WHAT IS REQUIRED:
Start at the line with "Short shirt 100%" in the records below, stop at the line with "Ударопрочные японские наручные", and return every line in that span exactly, the two end lines included.
━━━━━ DATASET EXTRACT ━━━━━
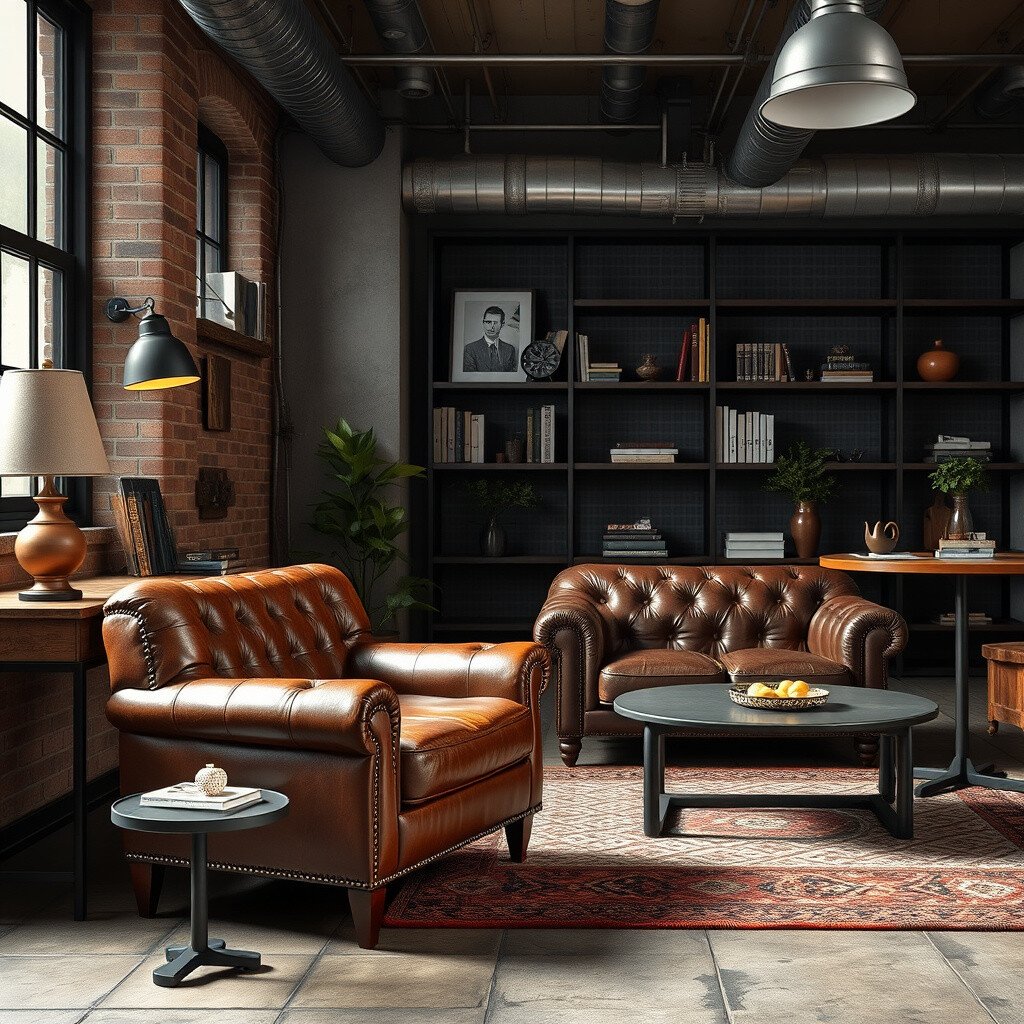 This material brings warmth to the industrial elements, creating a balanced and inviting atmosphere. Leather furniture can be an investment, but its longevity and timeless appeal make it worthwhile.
━━━━━
━━━━━ DATASET EXTRACT ━━━━━
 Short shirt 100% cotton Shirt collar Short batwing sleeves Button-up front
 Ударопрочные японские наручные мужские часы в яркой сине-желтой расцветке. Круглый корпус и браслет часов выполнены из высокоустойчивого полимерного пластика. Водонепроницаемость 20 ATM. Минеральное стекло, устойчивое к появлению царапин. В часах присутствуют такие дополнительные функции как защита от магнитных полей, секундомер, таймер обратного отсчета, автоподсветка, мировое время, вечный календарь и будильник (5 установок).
━━━━━
━━━━━ DATASET EXTRACT ━━━━━
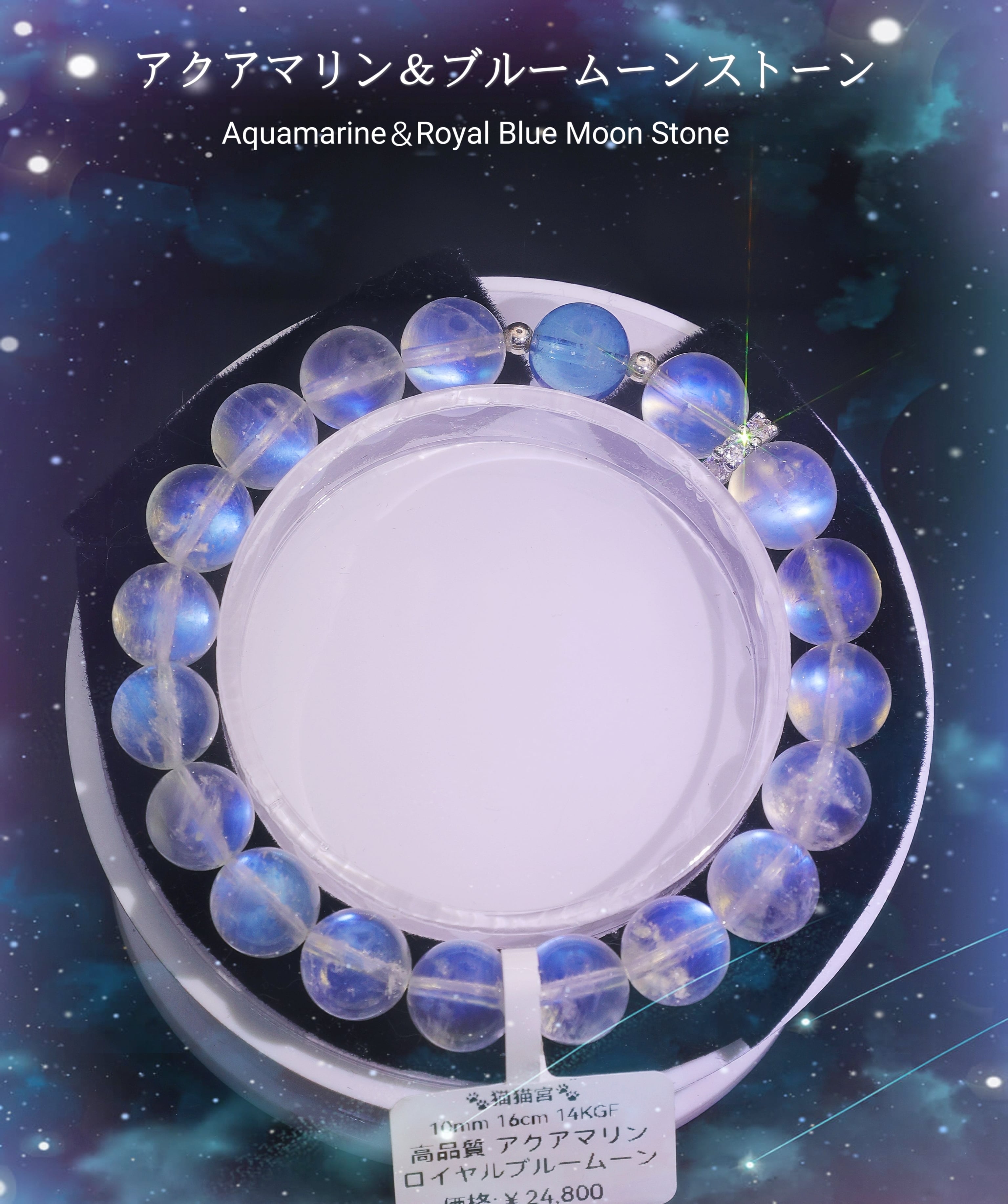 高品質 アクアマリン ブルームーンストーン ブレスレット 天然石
━━━━━
WRITTEN SOLUTION:
 Short shirt 100% cotton Shirt collar Short batwing sleeves Button-up front
 Ударопрочные японские наручные мужские часы в яркой сине-желтой расцветке. Круглый корпус и браслет часов выполнены из высокоустойчивого полимерного пластика. Водонепроницаемость 20 ATM. Минеральное стекло, устойчивое к появлению царапин. В часах присутствуют такие дополнительные функции как защита от магнитных полей, секундомер, таймер обратного отсчета, автоподсветка, мировое время, вечный календарь и будильник (5 установок).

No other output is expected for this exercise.